Environmental Assessment for Mining Activities

Scale of Environmental Assessment

Under BC’s EA law, the EAO Executive Director (or Minister of Environment, where applicable) has discretion on whether to include the following in the scope of the EA review facilities at the main site, off-site facilities and any activities related to the reviewable project.95 Related activities that do not, on their own, trigger an EA may be approved without assessing their environmental, social and cumulative impacts.

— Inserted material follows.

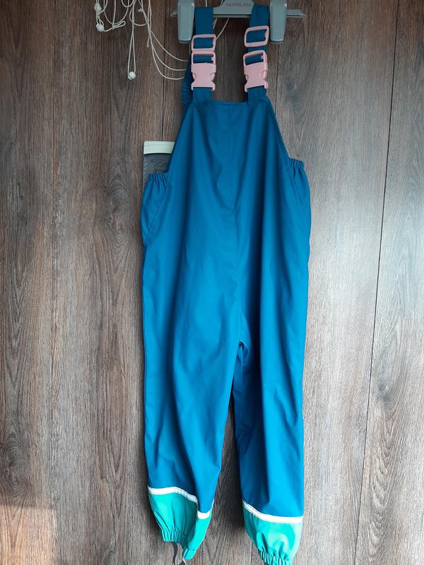 Брюки демисезонные прорезиненный по всему полукомбезу,на поясе регулировка кнопочками с двух сторон. Резинки в идеале, следов носки нет из дефектов сзади точка и нужно пришить шлейку см фото
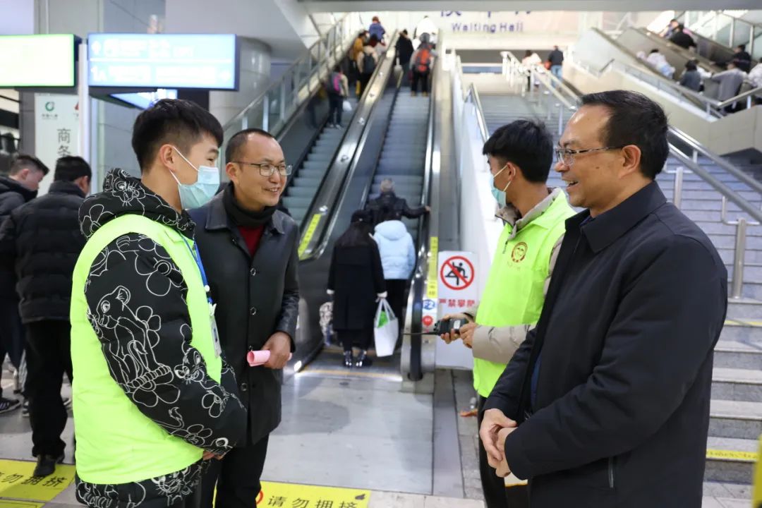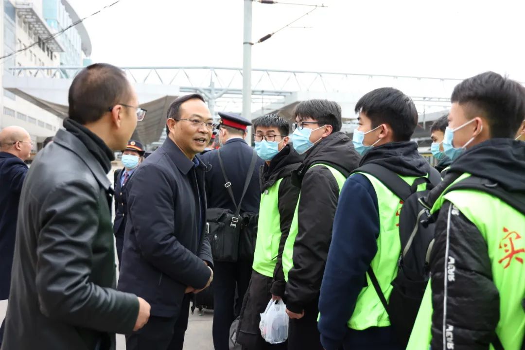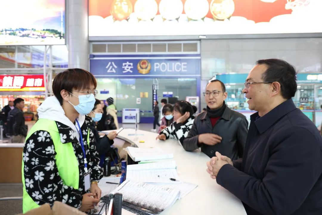 2月7日上午,学院党委书记王树华到昆明站对我院在本次春运实习中涌现出来的三名优秀实习志愿者同学表达祝贺及问候,同时对铁路站段给予学生的关心帮助表示感谢。并到各岗位看望在岗的实习同学,鼓励大家在实习过程中不断学习、不断历练,发扬“奉献、友爱、互助、进步”的志愿精神,用实际行动展现新时代铁路院校大学生的风采和担当。

BC law does not require all the activities related to a mining project to be included in the EA. Therefore, projects can be narrowly assessed without factoring in the associated and/or cumulative impacts.

Recommended Solution

Include in EA all activities likely to be undertaken in relation to a proposed mining project

[Tags: EA; Scope; Discretion]

BC has no legal provisions to guide the exercise of the EAO’s discretion in determining the scale of the EA or to require that related activities be included in the assessment process. In contrast, other jurisdictions provide some guidance for decision-makers to ensure that the EA covers the appropriate scope of the proposed activity. For example, US federal law explicitly states that “significance cannot be avoided by terming an action temporary or by breaking it down into small component parts”.96 Under Yukon law, the regulatory authority must include in the scope “in addition to any activity identified in the proposal, any other activity that it considers likely to be undertaken in relation to an activity so identified and sufficiently related to it to be included in the project”.97 The Yukon regulatory authority is also required to “assess as a single project two or more projects for which it has received proposals where it considers that the projects are so closely related as to be part of the same activity or where all the decision bodies for each of the projects have advised it that they consider the projects to be so related”.98 Similarly, under both CEAA and CEAA 2012, the regulatory authority is empowered to consider two closely related projects as a single project.99 Not only is the assessment of related projects in the same EA more efficient, it also allows for the evaluation of cumulative effects (see: Cumulative Effects, below).